*** Records supplied Section Begins ***
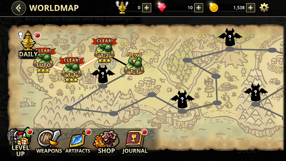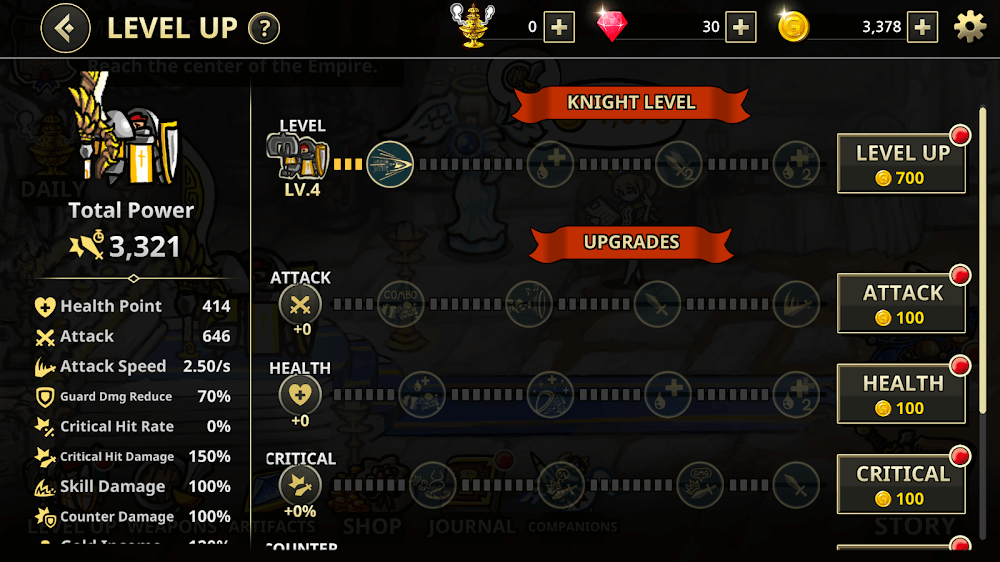 Adventures in Counter Knights will be divided into levels arranged from easy to complex. Each level will be a completely different challenge, and your achievements will be displayed in the number of stars. After winning the battles and completing the tasks that the system gives you, you will be moved to the next level. In addition, you also have the opportunity to receive bonuses and a lot of valuable loot for yourself. However, the higher the level, the more difficulties you will have to face, such as the strength of the monsters, has improved much more. Not only that, but the boss also becomes harder to defeat, so you will need to improve your strength.
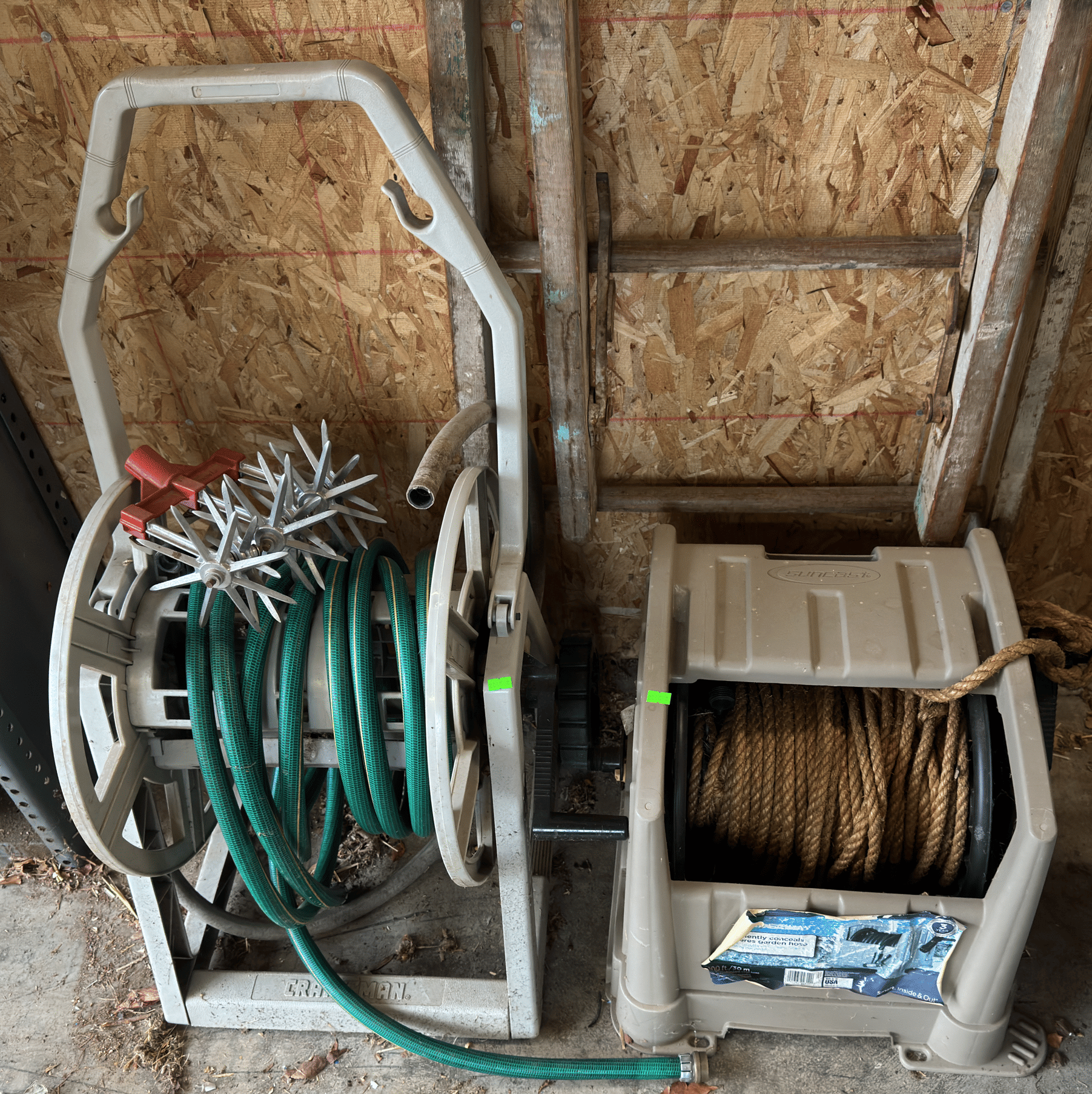 2183 Sprinklers, hose reel, cricket cage, miscellaneous
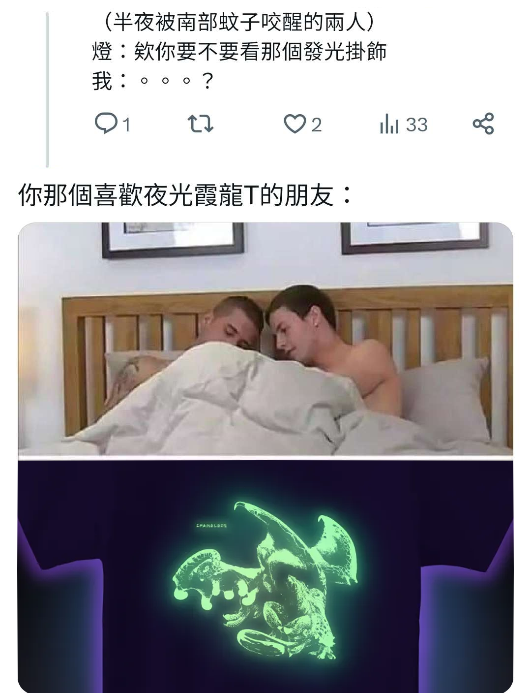 半夜看霞龍T恤發現真的會發光而且還蠻亮的(?)
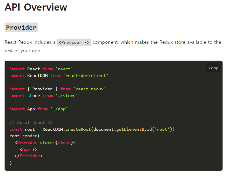 리덕스의 스토어를 만들게 한다
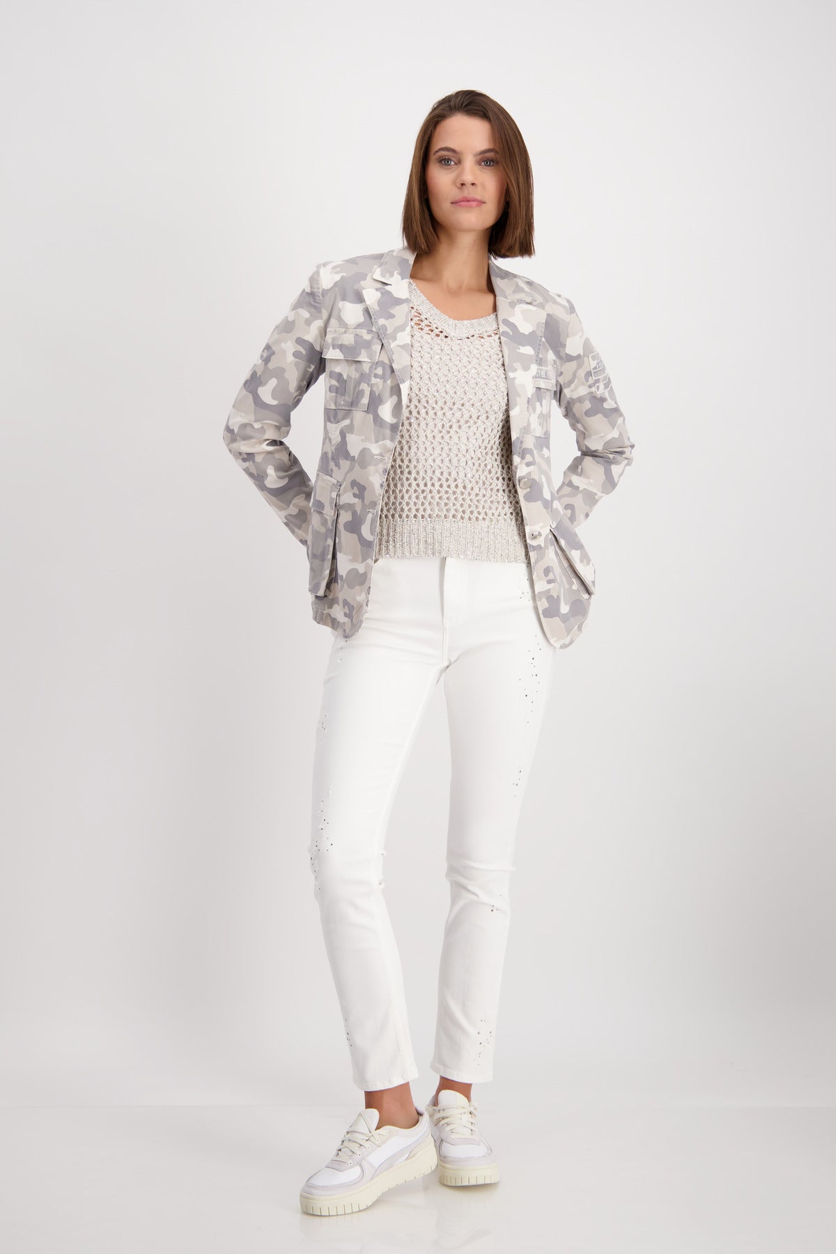 Klassischer Camouflage Blazer aus sanftem Lyocell-Stoff-Mix. Mit Patches auf dem linkem Arm und der Brusttasche.60 % Lyocell, 37 % Baumwolle, 3 % Elasthan
*** Records supplied Section Ends ***
*Task prompt*.
If pictures appear, drop them, and retype exactly the lines from the "半夜看霞龍T恤發現真的會發光而且還蠻亮的(?)" line through the last line of the data above.

*Response area*.
 半夜看霞龍T恤發現真的會發光而且還蠻亮的(?)
 리덕스의 스토어를 만들게 한다
 Klassischer Camouflage Blazer aus sanftem Lyocell-Stoff-Mix. Mit Patches auf dem linkem Arm und der Brusttasche.60 % Lyocell, 37 % Baumwolle, 3 % Elasthan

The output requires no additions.